Wednesday, 22 April 2015

Tracing paper techniques

After the success of my misty mountain papercrafted landscape using tracing paper, I've decided to stick with the technique for other sections of my animation for a nice sense of style and continuity. I think it suits my way of drawing and also uses both shadow puppetry and drawing technical methods. There is the section where the faeries are down at the rocky sea shore and for this I couldn't just have a static background. There had to be movement in the waves so this is where the cutouts are brilliant. Rather than drawing the waves in as a separate animated element over a seashore landscape and then also animating hand-drawn characters, the waves can be stop-motioned cut-outs! I like that this is including another methodology too. It's an idea I played around with in my competition entry for the RSA Student Design Awards and was a really nice way to animate.
The waves for my seashore will be much more subtle as the general feel of the animation is more sophisticated and less cartoony than my RSA one, but the process is the same. I had a little play again with my window to see what the effect of watercoloured waves would look like.
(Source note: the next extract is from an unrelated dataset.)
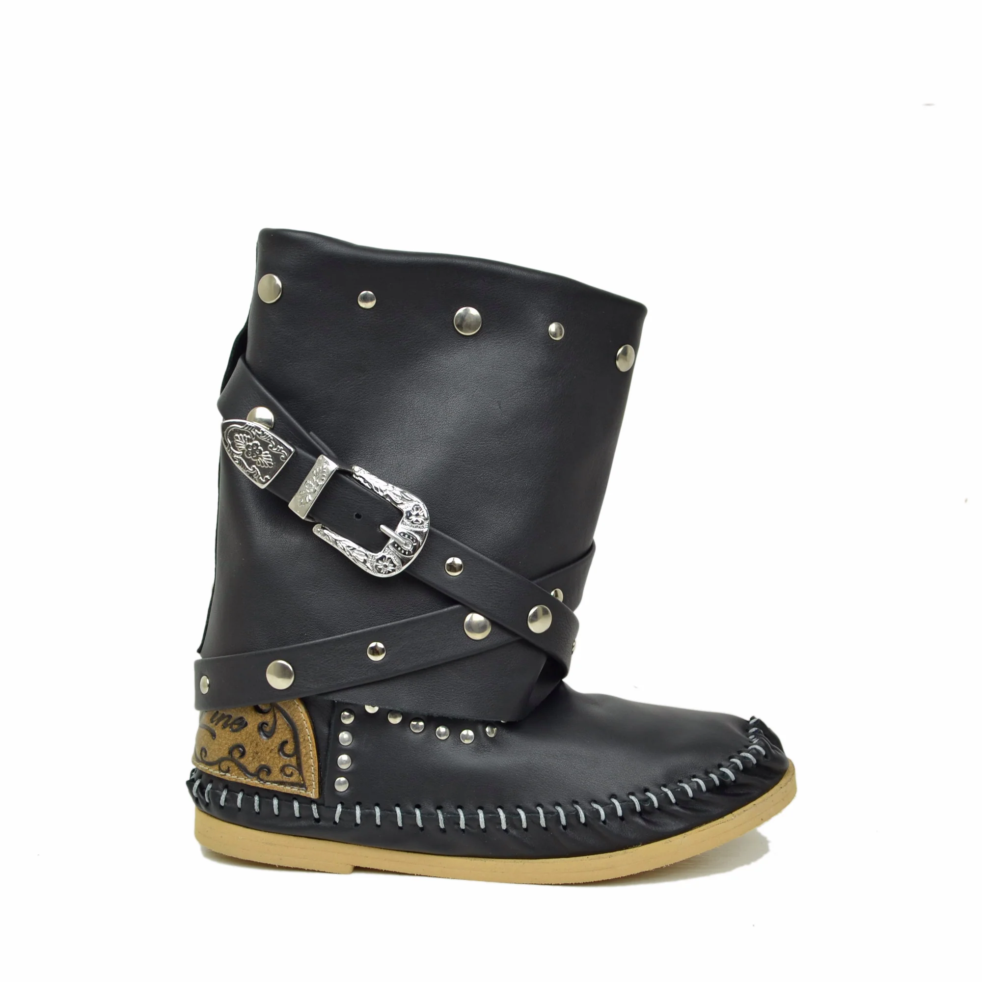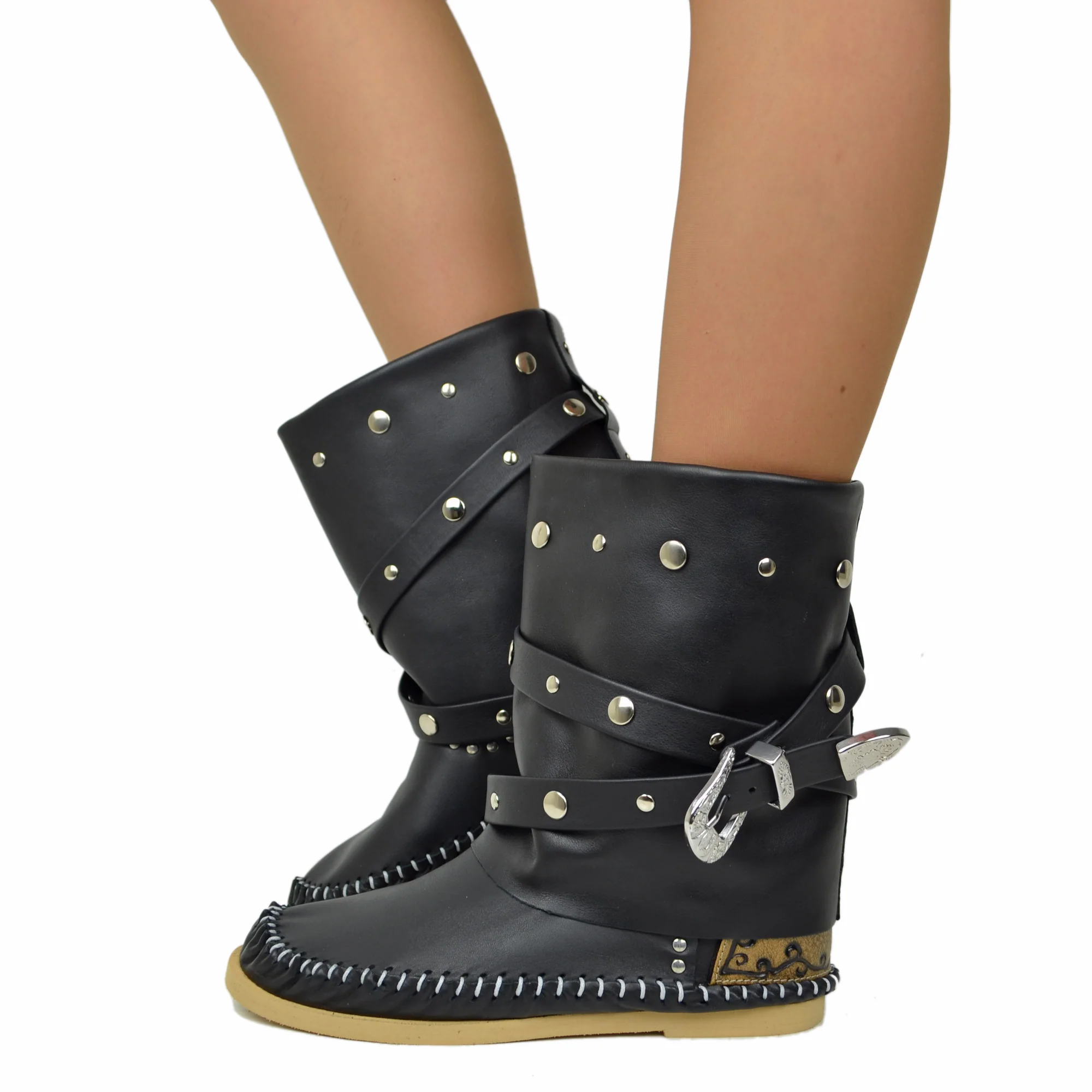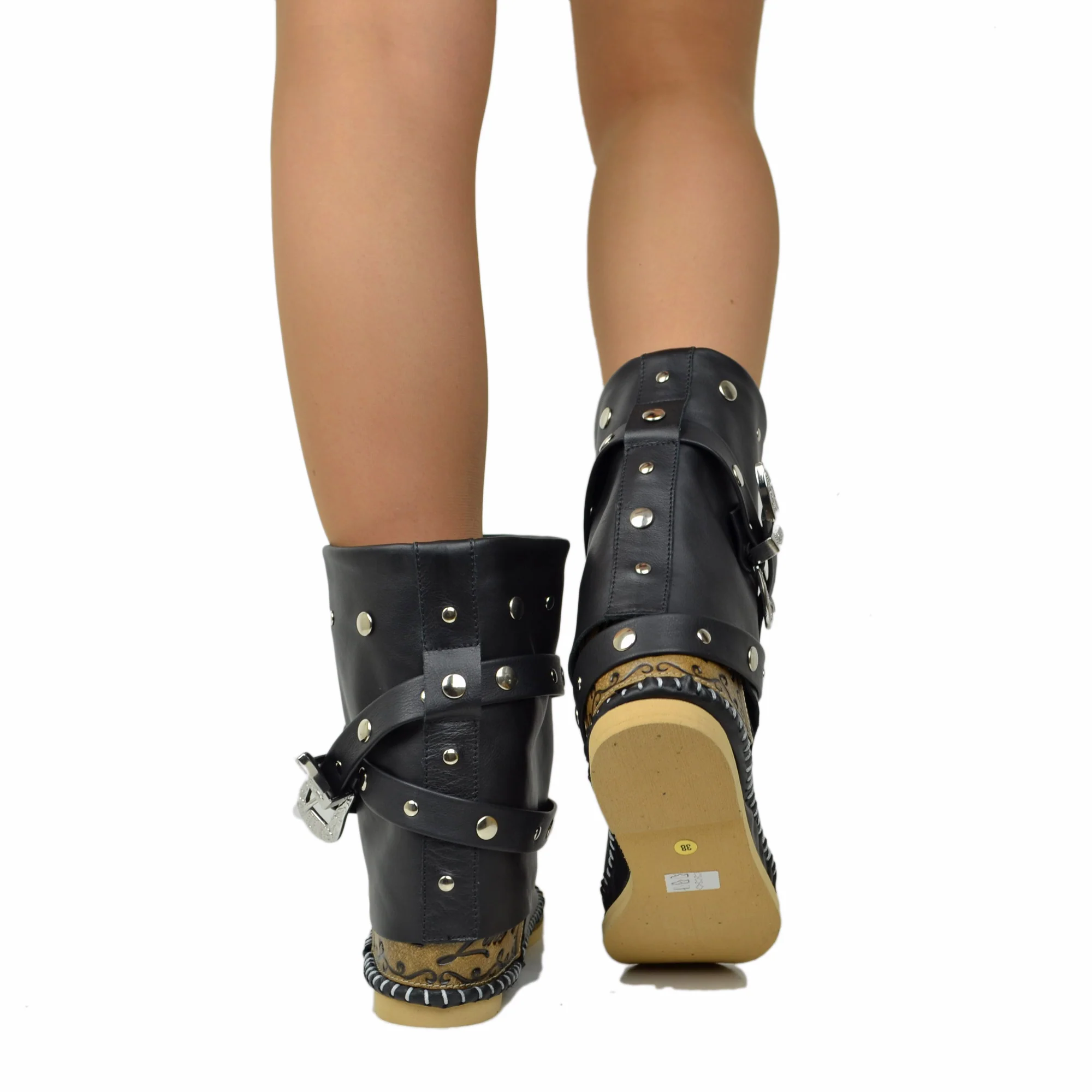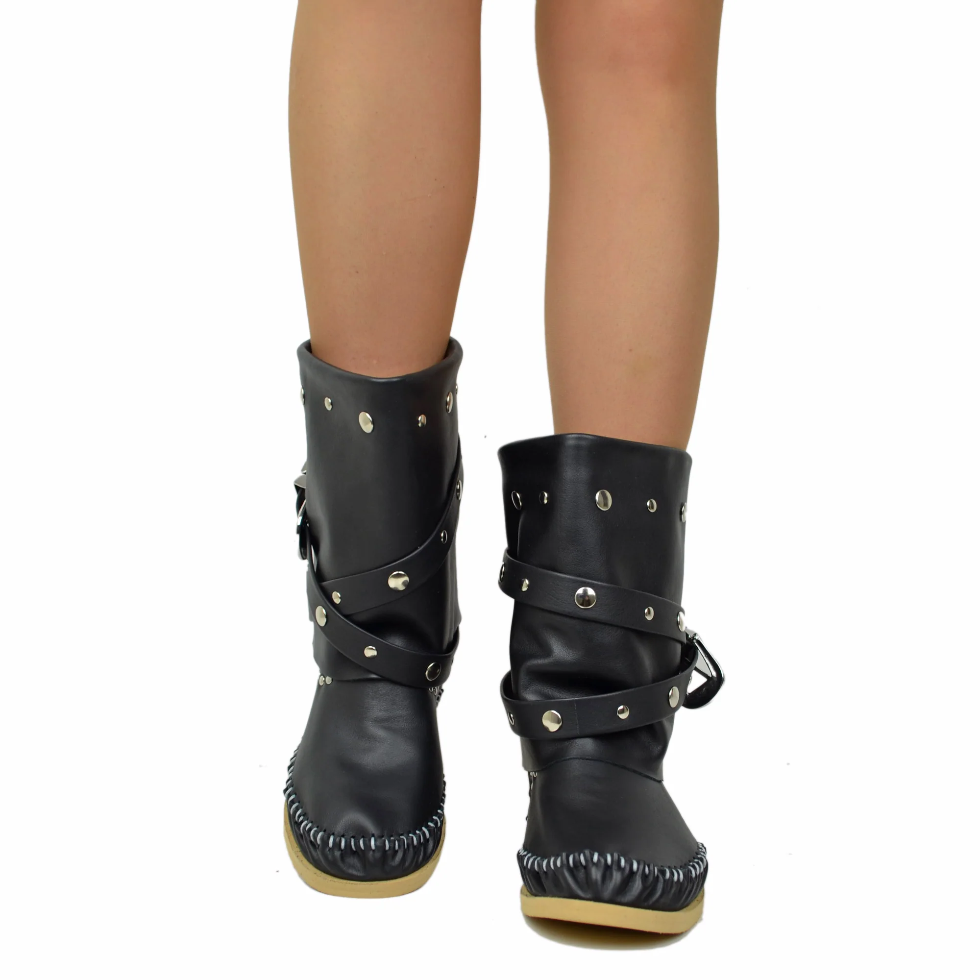Stivali Indianini Bassi con Ghetta Originali KikkiLine con Zeppa Interna. Indianini Vera Pelle con Borchiette e Due Fibbie. Ibiza Boots Boho con Cuciture su Tono Realizzate a Mano. Indianini Bohemian con Fondo in Micro, Tallonetta in Vero Cuoio. Lavorazione Artigianale Made in Italy.

I quite like it but painting the tracing paper does make it curl. I'm not sure if you can even stretch tracing paper to avoid that problem like with normal watercolour paper. I also think more layers for a subtler effect would be better. The torn edge works nicely though as it's softer than when I used a scalpel. I think the waves need to be behind the beach for a softer effect but that will cause complications in the animating process later on as it's more fiddly and might cause unwanted movements. A peg bar for the foreground so it doesn't move might be the way round that particular problem.
Edited closeup of the waves against the window.
Adjusted contrast and an instagrammy effect.

Unedited closeup of the waves.

Using the window as a lightbox again. (Student solutions)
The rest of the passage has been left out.